The squads prepared for approximately one month for the competition. During that time, the squads held various inspections and honed their infantry skills with tests and training.

The first two days of the competition began with a test on Camp Schwab. The Marines were tested on infantry skills, first-aid skills and weapons.

The Marines were in the field training at Landing Zone Condor and in areas surrounding the Central Training Area. Site preparation, ambush patrols, night security attacks and maintaining a defense against possible attacks were all parts of the field training.

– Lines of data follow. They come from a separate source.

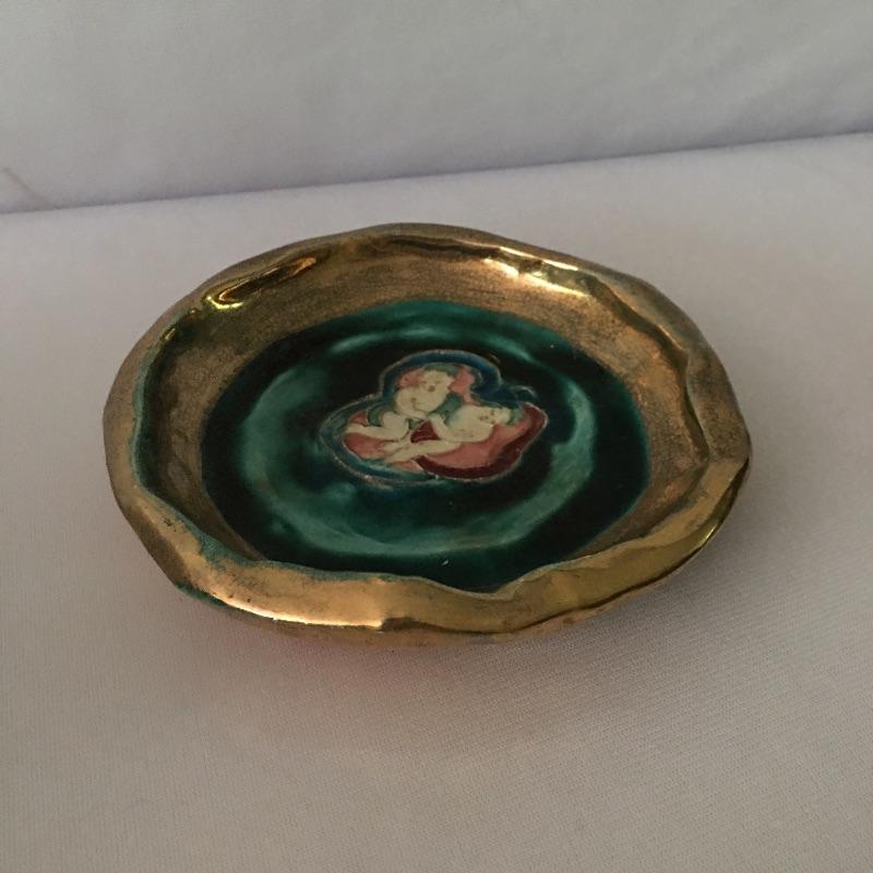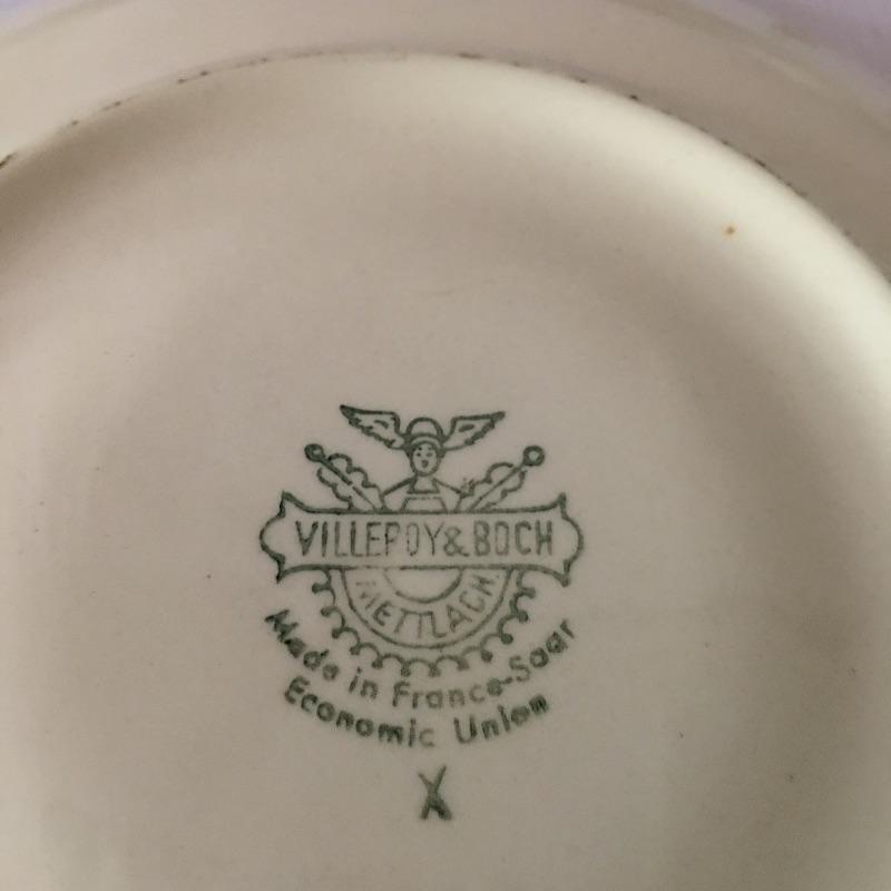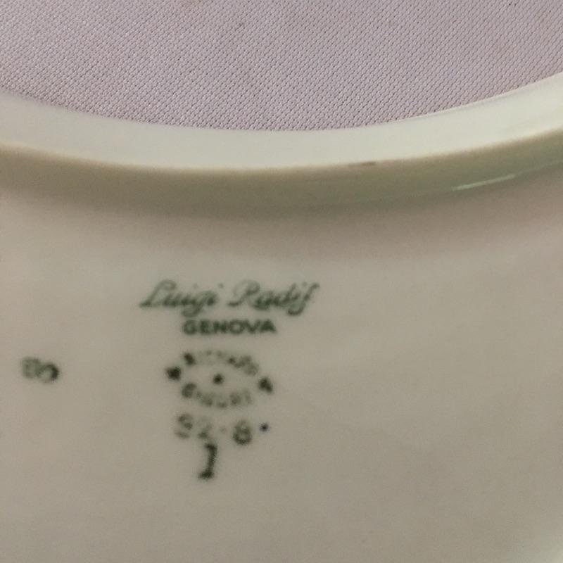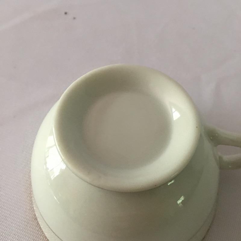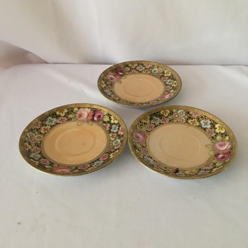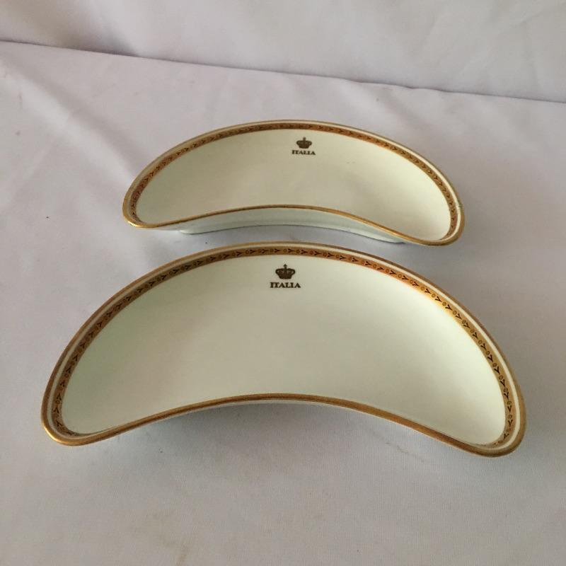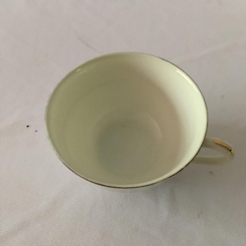Array of gold accent dishes. Lot includes large plate that measures 12” x 12”, seven cups and saucers, two half moon dishes, three saucers and two small plates and more. Shipping available.
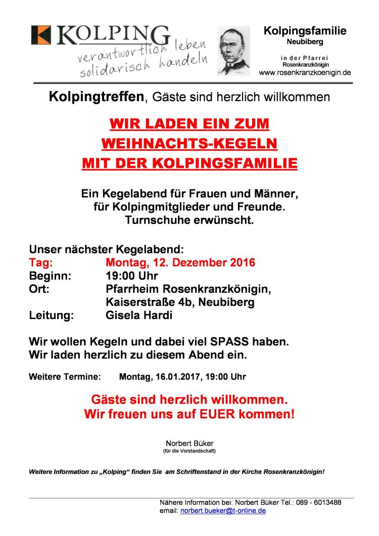 Wir laden ein zum Kegeln mit der Kolpingsfamilie Wir wollen Kegeln und dabei viel SPASS haben. Ein Kegelabend für Frauen und Männer. Turnschuhe erbeten. Tag:  Montag, den 11. Dezember 2014 Beginn: 19:00 Uhr Ort: Pfarrheim Rosenkranzkönigin, Kaiserstraße 4b Leitung: Dieter
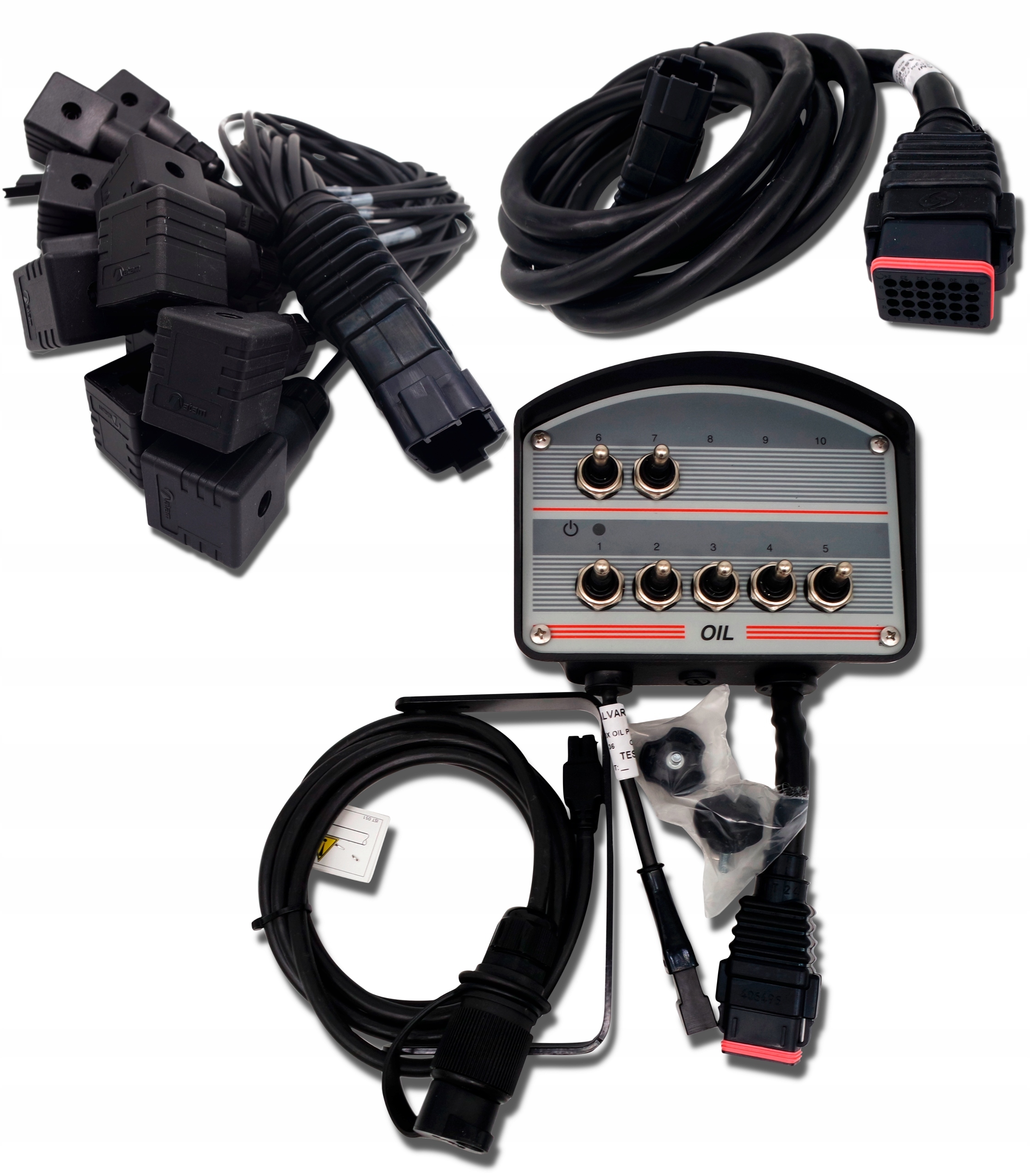 ПАНЕЛЬ КЕРУВАННЯ ГІДРАВЛІЧНИМ РОЗПОДІЛЬНИКОМ З 7 КНОПКАМИ, ЖГУТОМ ПРОВОДІВ ГІДРАВЛІЧНОГО РОЗПОДІЛЬНИКА, КАБЕЛЕМ-ПОДОВЖУВАЧОМ 3 М ТА КАБЕЛЕМ ЖИВЛЕННЯ

Unlike in garrison, hot meals are not available to the Marines. The Marines were issued Meals Ready to Eat before going out. They decide individually when and how much food to consume. Sleep is hard to come by, too.

"Marines get approximately three to four hours of sleep each night," Steuber explained. "Even though they don't get much sleep, they are driven and focused to get the job done. It gets harder and harder with each passing day."

Even though the training may be vigorous and seem like it will never end, it will pay off in the end, Steuber added.

The winner of the battalion competition moves on to the regimental competition. The winner will then move on to the division competition in Hawaii.

The squad that wins division will go to Washington D.C. for a formal parade, and the winners will receive the Marine Corps Super Squad Medal.

After the competition ended Saturday, the squads competing received a well-deserved day of liberty for performing well in the field, according to Steuber.

Steuber said selecting a winner was a tough decision to make. According to him, F Company won because of its great attention to detail in every aspect of the competition.

Despite the fatigue and homesickness, the Marines were committed to carrying out their mission. Finishing their movement for the night, the Marines moved through the darkness of the jungle and climbed into their fighting holes to get a few hours of sleep, to prepare for another day of competition.